‘Join a society!’ is a phrase you’ll have probably heard before even starting at university – most likely from family and friends who have already graduated or are still attending. Even if you have not heard this before however, it is something that, when you start at university, you will find is highly encouraged by events such as Bunfight, which displays the University of Southampton’s 222 societies. My biggest regret at university is the fact that I did not join a society until the second semester of my first year. However, joining a society saved my university experience as, if I had not done so, I would not be surrounded by the amazing friends I have now, and I may have even dropped out.
Coming to university, I was already not in the best headspace, but I was determined to change this. Due to starting at university earlier, many people I knew from back home had already made new friends in their halls, so I was excited to do the same. However, what I learnt about halls is that it is very much a lucky dip. Now that I look back on it, I know that there are people, through no one’s fault, that you simply do not connect with and that is okay, as it is simply a fact of life. What made things worse was that I saw people I was close with get on with their flatmates and, if I am being honest, I was jealous of them.
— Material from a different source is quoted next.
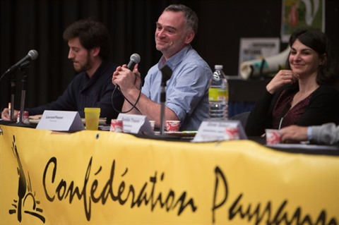 | Le porte-parole de la Confédération paysanne française, Laurent Pinatel (centre), le 13 avril 2017 à Muzillac. |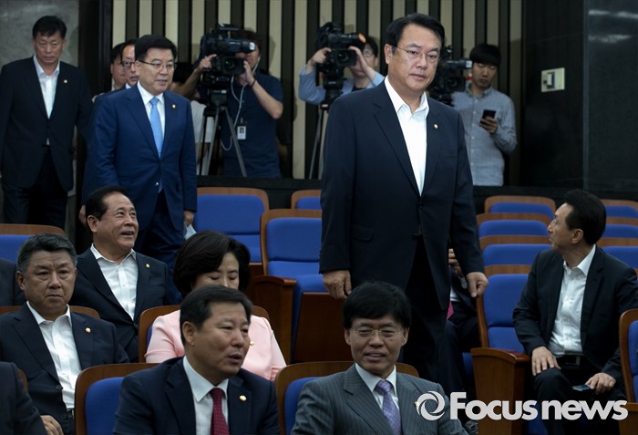 (서울=포커스뉴스) 19일 오전 서울 여의도 국회에서 열린 새누리당 의원총회에 정진석 원내대표가 참석하고 있다.

Despite feeling this way, I still had hope that things would change.
Bunfight finally came around and I got to see the societies the University has to offer. I went and picked up pamphlets, flyers and business cards from over 20 stalls, but I did not join one of them. For whatever reason, I just felt like the energy and determination I needed to change the headspace I was in was completely drained, so I did nothing. I love doing my history degree, but having only 7 scheduled hours a week meant that I had a lot of free time and nothing to do with it. I found myself feeling lost and not knowing what to do, as I thought I had left it too late to do anything.
By January, a few things had changed. I was lucky enough to have met someone on my degree that introduced me to their flat, and most of them became my second year, and now third year, house mates. Despite now knowing more people at the University, I still felt like I did not belong. At the end of January, I decided I was going to stop feeling sorry for myself and finally message one of the societies I had visited during Bunfight. I had done debate in both secondary school and college, so I decided that the University of Southampton Debating Union would be the perfect fit. I found their Facebook page and messaged, ‘Hello, I’m really interested in joining this society and was just wondering if I still can because it looks like a lot of fun. Thank you.‘ Although this message is a tad cringe for me to look back on now, it is the best message I have ever sent. By joining debate, I saw myself become happier and I am now the President of the society that completely changed my university experience for the better. It is also the reason I became a committee member for Wessex Scene, as it gave me the confidence to join other societies.
So, if I could give advice to anyone starting university, it would be to join a society! If you do not join one straight away like I did, then also know that it is never too late to join one. Even if you are lucky enough to make friends in halls, it is always worth making as many more as you can, as well as giving yourself a chance to find new interests or to develop ones you already have. Societies are a massive part of your university experience and are something you do not want to miss out on.